Marie Antoinette
(From a French print)
The trial that followed has been justly described as the prologue of the Revolution. To the calumnies it gave birth may be traced the hatred which engendered the Reign of Terror.
“Calumny,” says M. Chaix d’Est-Ange in his brilliant monograph on the Necklace Affair, “is common to all ages, but it has not always the same force and success. In times when public opinion is indifferent or feeble it is despised and powerless. At other periods more favourable to it, borne on the wings of passion it soars aloft strong, confident, and triumphant. If ever it was a power it was in the eighteenth century.”
“It was everywhere,” says de Goncourt, “under the roofs of courtiers and blackmailers alike, in the bureaux of the police themselves, and even at the side of the Queen.”
Given such a state of society Marie Antoinette could have done nothing so calculated to injure herself as to cause the arrest of the Cardinal. If he deserved the Bastille it was not necessary to send him there. Though she may be excused for regarding him as a “vulgar swindler who stole diamonds to pay his debts,” she should have remembered that he was also the head of one of the greatest houses in France. As soon as the news of his arrest was known there was but a single opinion in the salons of the nobility: “What, arrest the Grand Almoner of France in full pontificals before the whole Court for a bit of chiffon! Send a Rohan and the chief of the clergy to the Bastille! C’est trop!”
The malcontents of the Court recognized in this shameful disgrace the hand of the unpopular minister Breteuil, who was known to be the bitter enemy of the Cardinal.

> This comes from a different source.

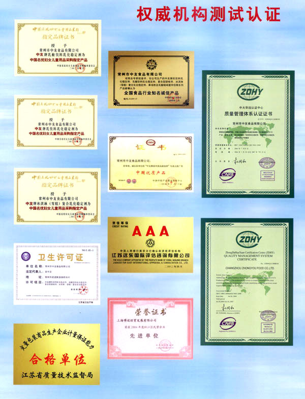 常州市中友食品有限公司;匚挥诔V菔袞|郊開發(fā)區(qū),廠房占地面積6000平方米,擁有全新的生產線,先進的生產流程和嚴格的質量管理體系(工廠已通過IS09001:2000質量管理體系的認證)。并有專業(yè)的技術開發(fā)和理化檢驗的設施、經驗豐富的技術人員。公司以科技為依托,常年與高等院校合作,不斷地開發(fā)和研制適合市場需求的食品添加劑系列產品。公司每年面向全國招收優(yōu)秀的博士、碩士及優(yōu)秀的大學生。公司現有員工1 00多人,管理人員2 0名、高工5名、產品專業(yè)技術開發(fā)人員12名,還有選擇地引進和代理國內外各種適用的食品添加劑。 依靠本公司雄厚的科技力量和先進的科技設備,生產基地已經具備了與客戶共同開發(fā)國內外先進食品添加劑的應用技術。博適中友公司多年來致力于食品添加劑的研究和開發(fā),突破常規(guī)理念,以市場、用戶為中心,研究開發(fā)各個品種、各個檔次的食品添加劑,品種齊全又多樣,既有出口型又有內銷型。公司主要穩(wěn)定劑產品有:乳飲料乳化穩(wěn)定劑、乳酸飲料乳化穩(wěn)定劑、冰淇淋(雪糕)復合乳化穩(wěn)定劑、果汁飲料乳化穩(wěn)定劑等,產品暢銷國內外,覆蓋了全國二十多個省市,并建立了穩(wěn)定的銷售網絡。 本公司對產品指定了嚴格的質量標準,并報請常州市技術檢驗監(jiān)督局審核批準,其技術要求完全符合GB一2760(食品添加劑使用衛(wèi)生標準)和符合聯合國直接衛(wèi)生組織(WHO)、聯合國食品與農業(yè)組織(FAO)以及美國食品和藥物管理局的有關規(guī)定。 長期以來,博適中友公司以市場定位為基本依據,堅持發(fā)展并開辟多元化的國內外市場:以專業(yè)化、長遠化、規(guī)模化為經營思路:以開拓創(chuàng)新,務實誠信為經營理念,不斷促進企業(yè)發(fā)展壯大。 公司自創(chuàng)建以來,始終不渝地堅持質量第一、信譽至上,以精湛的工藝加工產品,不管是標準的或特制的都可享有本公司優(yōu)良的技術服務。無論您需要何種功能性添加劑,博適中友食品添加劑公司均能滿足您的要求。博適中友公司以價格合理、服務周到為經營宗旨,努力引導食品添加劑應用發(fā)展的新潮流、新方向。在才能卓越的領導者的帶領下,全體員工以開拓、創(chuàng)新、求實、守信為企業(yè)精神,不斷地提高自身的素質。 公司的宗旨是“開拓創(chuàng)新發(fā)展、精誠服務和諧”為目標,熱忱與各界有識之士攜手共進,共創(chuàng)輝煌!如今公司業(yè)務蒸蒸日上,專業(yè)技術研究越走越精,這都與廣大客戶大力支持分不開。在新世紀來臨之際,上海博適中友公司愿與您真誠合作,攜手并進,共鑄新的輝煌!

“M. de Breteuil,” wrote Rivarol with truth, “has taken the Cardinal from the hands of Madame de Lamotte and crushed him on the forehead of the Queen, which will retain the marks.”

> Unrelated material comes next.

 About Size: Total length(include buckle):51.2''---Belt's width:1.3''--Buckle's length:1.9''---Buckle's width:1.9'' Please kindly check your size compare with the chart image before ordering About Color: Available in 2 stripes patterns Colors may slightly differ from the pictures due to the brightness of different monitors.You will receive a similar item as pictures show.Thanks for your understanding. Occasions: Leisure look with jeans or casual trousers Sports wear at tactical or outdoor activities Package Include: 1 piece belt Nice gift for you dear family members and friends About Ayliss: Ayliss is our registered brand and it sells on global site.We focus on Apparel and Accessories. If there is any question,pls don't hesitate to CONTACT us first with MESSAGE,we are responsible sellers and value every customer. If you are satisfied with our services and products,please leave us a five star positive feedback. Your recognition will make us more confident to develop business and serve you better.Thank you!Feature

It was by his advice, indeed, that Louis XVI had been persuaded to gratify the rage of his reckless consort. The opportunity of ruining his enemy had been too great for Breteuil to resist. The weakness of the King, the unpopularity of the Queen and the faults of a blundering minister were thus alike accentuated.
“When a king has absolute power,” says Chaix d’Est-Ange, “it is without doubt at such a time as this that he should use it to stifle scandal.” The arrest of the Cardinal could only have been justified by his conviction. It was a question of his honour or the Queen’s. Thirty years before it would have been an easy matter to find him guilty, but the spirit of disrespect for a tyrannized and stupid authority which was beginning to assert itself everywhere made Rohan’s conviction extremely difficult, if not altogether impossible. For Louis XVI, from a mistaken sense of equity which was interpreted as weakness, allowed the Parliament to try him.